Last updated: December 9, 2010 - 12:10pm
Two topics dominated the news agenda last week. Attention to the economy reached its highest level in 20 months and a major document dump cemented WikiLeaks’ status as a significant newsmaker.
From November 29 to December 5, the economy accounted for 28% of the newshole studied, according to the Pew Research Center’s Project for Excellence in Journalism. That represents the most coverage devoted to the subject since the week of March 23-29, 2009 (43%), shortly after Barack Obama became president when Treasury Secretary Tim Geithner unveiled his plan to clean up “toxic assets” in banks.
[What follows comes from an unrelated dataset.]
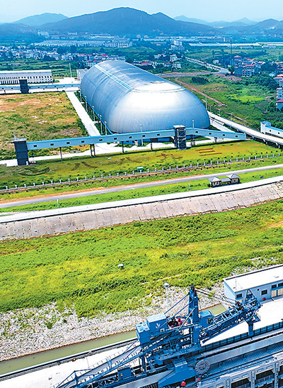 Photo shows a smart "capsule" warehouse, which ensures more eco-friendly operations and contributes to protecting the ecological environment of the Yangtze River, at the Jiujiang port in Chaisang district, Jiujiang city, east China's Jiangxi Province. (Photo/Zhu Haipeng)
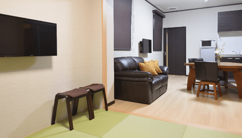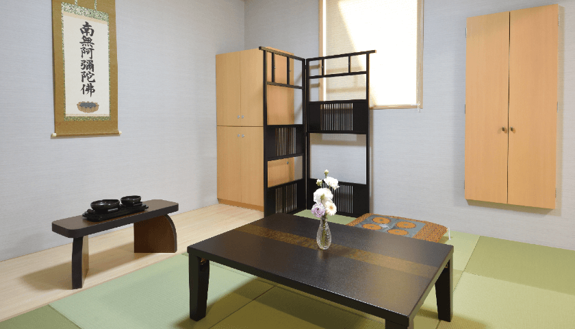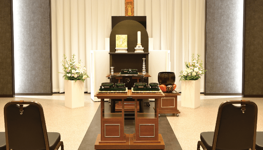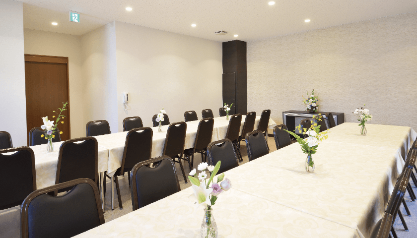 式場全景 | ・収容席数:30席 ・正面には(7m20cm)までの祭壇飾り可能 ・小人数の家族葬専用式場となっております ・親族控室、会食室、法要室、寺院控室 |

Three events drove last week’s economic coverage -- negotiations over the fate of the expiring Bush-era tax cuts, the debt commission vote on its proposal to reduce the deficit and a surprisingly gloomy jobs report late in the week. The release of thousands of State Department cables by the WikiLeaks site was the No. 2 story of the week, filling 16% of the newshole in PEJ’s News Interest Index, which includes the front pages of newspapers, a sampling of cable news, talk and news radio, the top stories on news websites, and morning and evening broadcast news programs. This marks the third time since the summer that WikiLeaks’ dissemination of classified documents has been a top five story. (Information about the Afghanistan war accounted for 13% of the newshole from July 26-August 1 and material pertaining to the Iraq conflict filled 2% of the newshole from October 18-24.)